|From: Brion Vibber brion@pobox.com |Date: 05 Nov 2002 10:15:13 -0800 | |On Tue, 2002-11-05 at 09:33, Toby Bartels wrote: |> Actually, our headers *do* already impose a heirarchical structure. |> Turn on numbered headers in your user preferences to see it. |> This is a very desirable option IMO. No arguing is permitted |> unless it comes from people with that preference set ^_^. | |Our headers impose no such thing. A misconceived "number headers" |feature, which users were so annoyed with that it was banished to |off-by-default and forgotten about by developers long long ago, attempts |futilely to impose such a thing. | |Its continued existence is a dark blot upon the soul of the wiki. | |-- brion vibber (brion @ pobox.com) |
The auto-number preference is still there, but doesn't work, it seems. As an old tech writer I can easily imagine situations where it might be useful, or at least I can imagine readers who would prefer it.
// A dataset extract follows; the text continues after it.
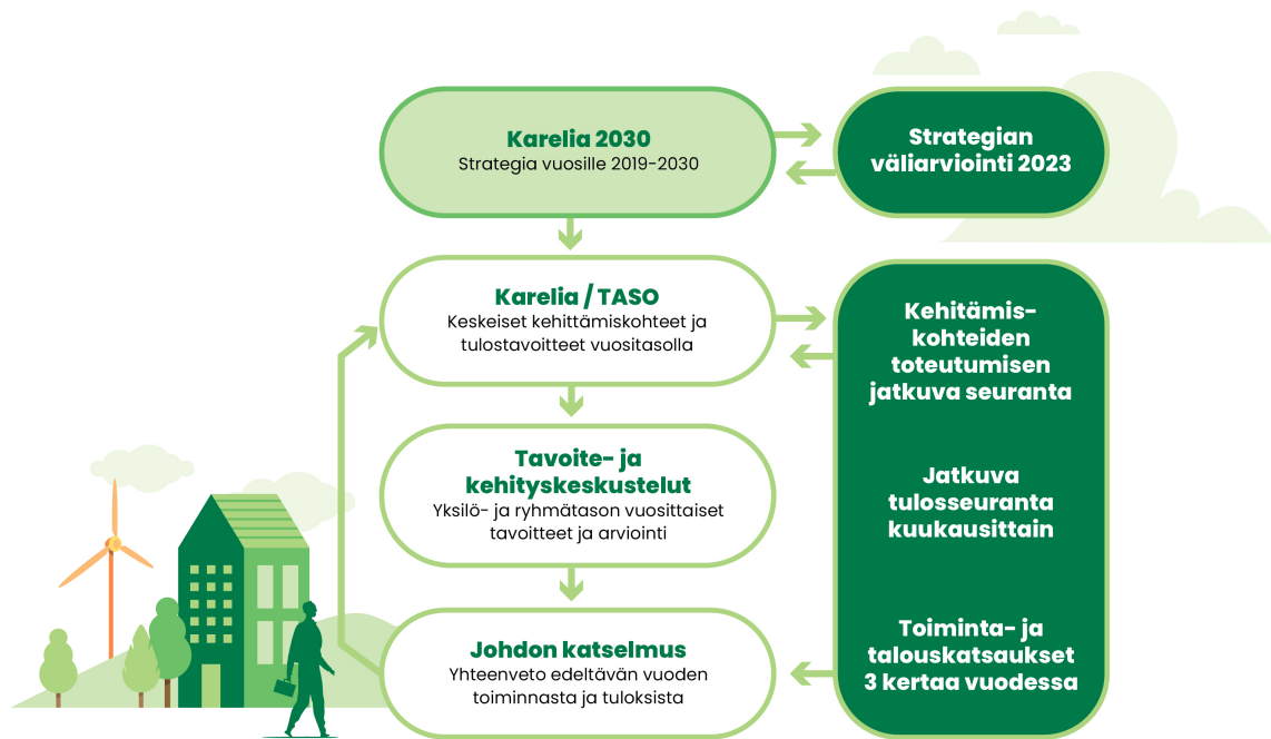
Kuvio 5. Karelia 2030 -strategian toteutus ja seuranta

työtehtäviin ja tuloksiin sekä oman osaamisen kehittämiseen liittyviin tavoitteisiin.

But I don't think it's all that important.
However, I believe that ordered use of =, ==, ===, ==== and so on does serve important, encyclopedic purposes:
--- Encouraging writers who use headers to use them logically.
--- Regularizing optional standard features like ==External Links==
-- Making articles look alike.
-- Allowing incoming 'bots and spiders to infer the structure of an article and make use of that information.
-- Laying the groundwork for future hypertext applications that we know nothing of except that properly ordered text will be more useful than random disorder.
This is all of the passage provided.